• _How to complete this task_
Range to repeat from the listing below: the line containing "xiang jia F1 |" down to the line containing "Caracteristicas: Designed to", both included. Copy it exactly, pictures excluded, and add nothing else.

• _Data for the task_
* * * *

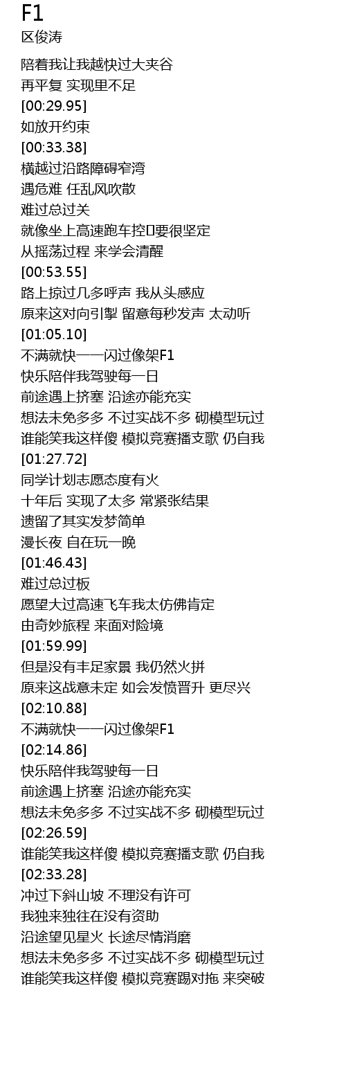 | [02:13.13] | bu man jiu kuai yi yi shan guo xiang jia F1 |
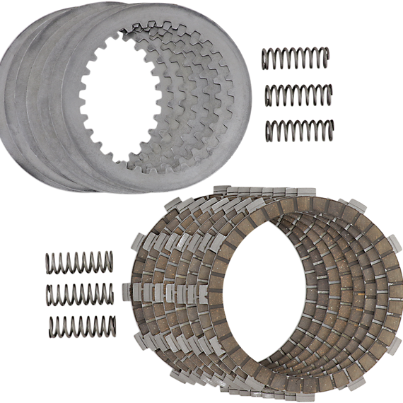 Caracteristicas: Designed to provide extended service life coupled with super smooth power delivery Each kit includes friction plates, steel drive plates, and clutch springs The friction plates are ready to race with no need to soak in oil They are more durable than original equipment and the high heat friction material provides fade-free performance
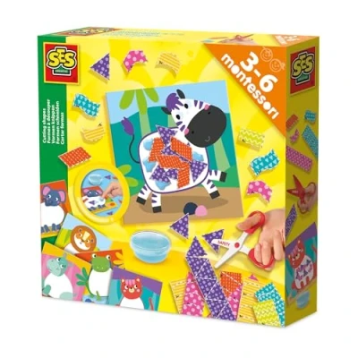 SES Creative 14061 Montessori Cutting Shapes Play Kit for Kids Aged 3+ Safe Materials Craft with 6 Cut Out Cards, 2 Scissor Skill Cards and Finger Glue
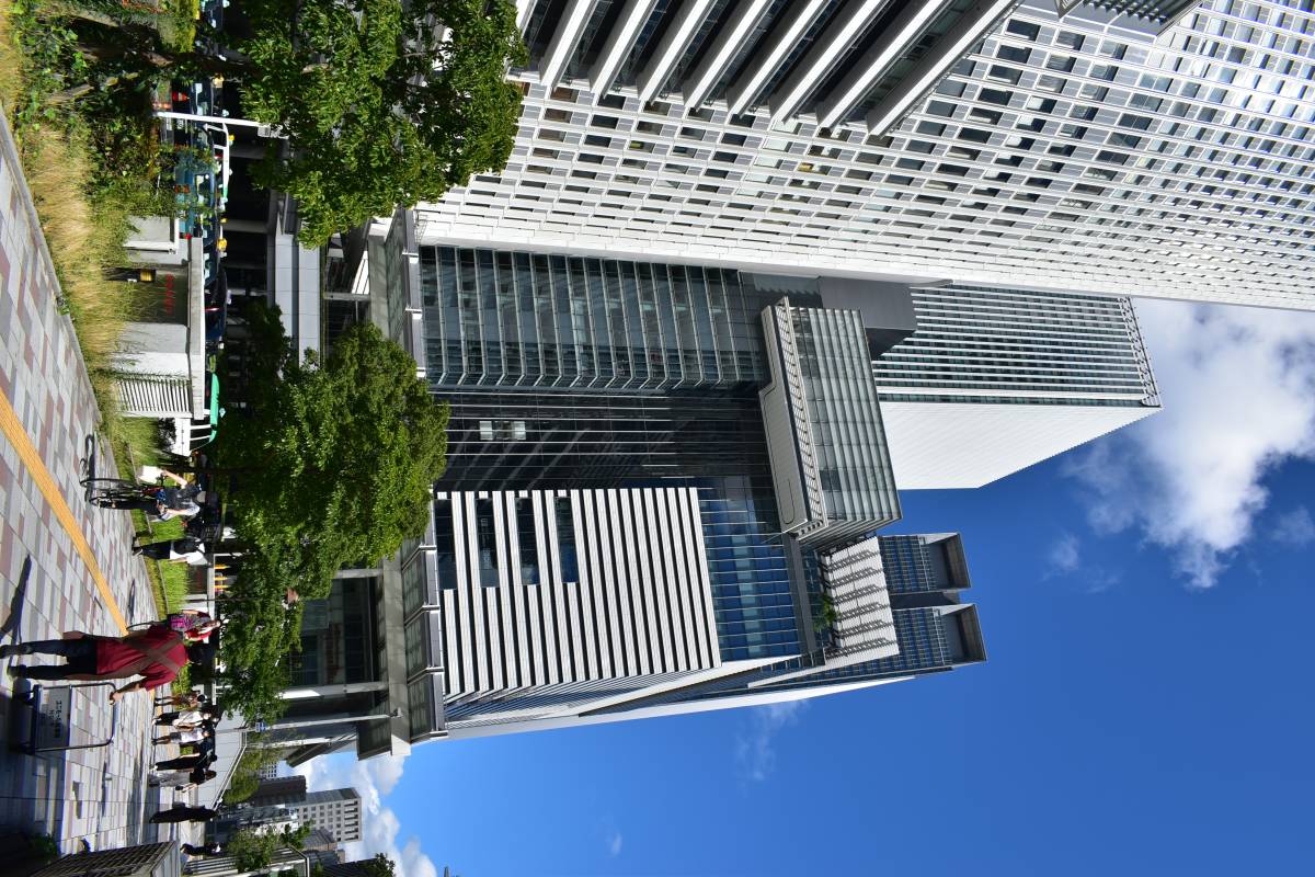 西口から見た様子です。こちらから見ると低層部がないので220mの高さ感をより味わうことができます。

* * * *

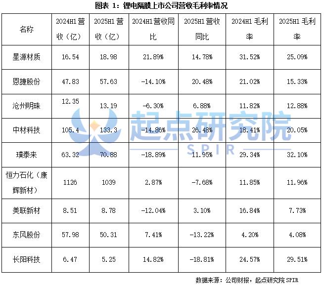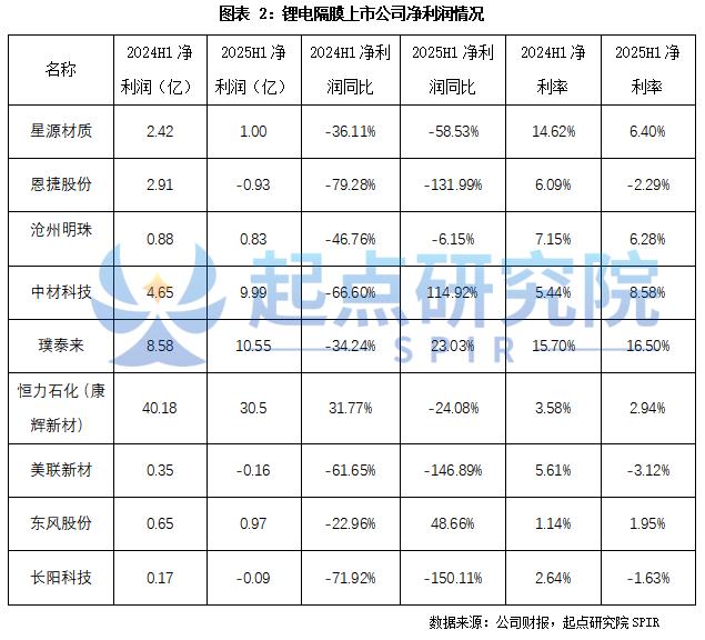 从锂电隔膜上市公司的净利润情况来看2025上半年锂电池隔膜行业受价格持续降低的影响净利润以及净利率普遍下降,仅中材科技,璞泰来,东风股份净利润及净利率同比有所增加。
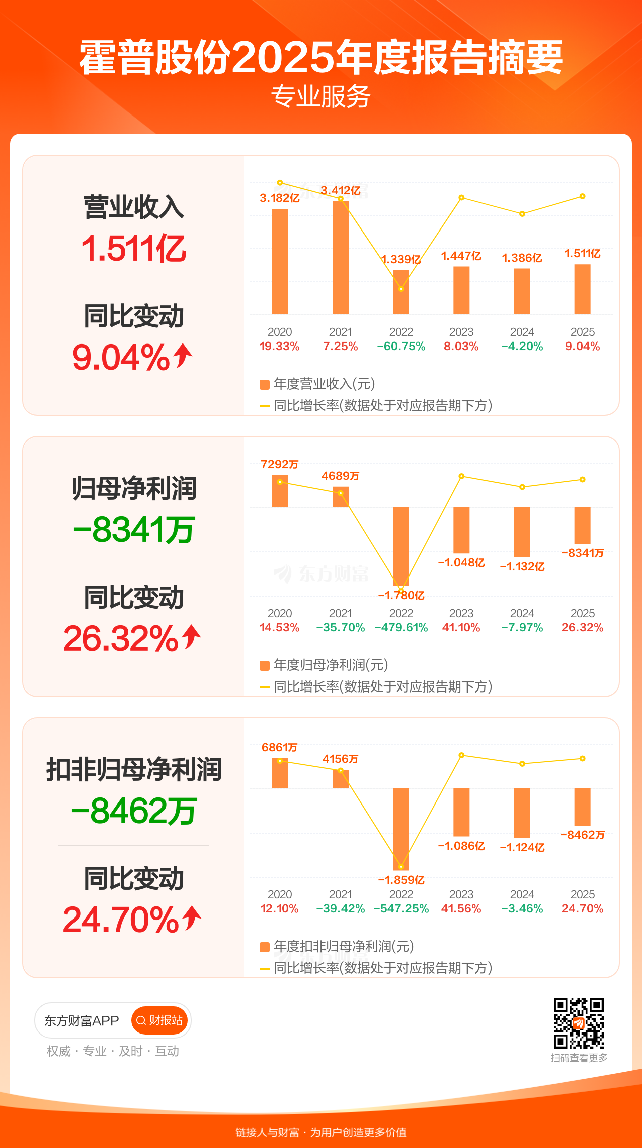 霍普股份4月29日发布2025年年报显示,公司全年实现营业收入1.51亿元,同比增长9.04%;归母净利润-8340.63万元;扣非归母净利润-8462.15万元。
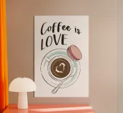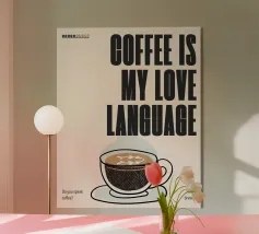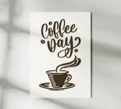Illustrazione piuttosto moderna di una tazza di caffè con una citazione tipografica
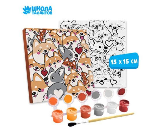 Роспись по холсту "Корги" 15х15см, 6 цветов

* * * *

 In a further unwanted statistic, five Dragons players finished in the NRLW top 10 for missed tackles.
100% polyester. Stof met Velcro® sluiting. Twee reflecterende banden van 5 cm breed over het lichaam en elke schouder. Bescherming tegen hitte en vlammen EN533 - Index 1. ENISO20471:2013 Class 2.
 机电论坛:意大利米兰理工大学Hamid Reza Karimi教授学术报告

* * * *

• _Exercise output_
 | [02:13.13] | bu man jiu kuai yi yi shan guo xiang jia F1 |
 Caracteristicas: Designed to provide extended service life coupled with super smooth power delivery Each kit includes friction plates, steel drive plates, and clutch springs The friction plates are ready to race with no need to soak in oil They are more durable than original equipment and the high heat friction material provides fade-free performance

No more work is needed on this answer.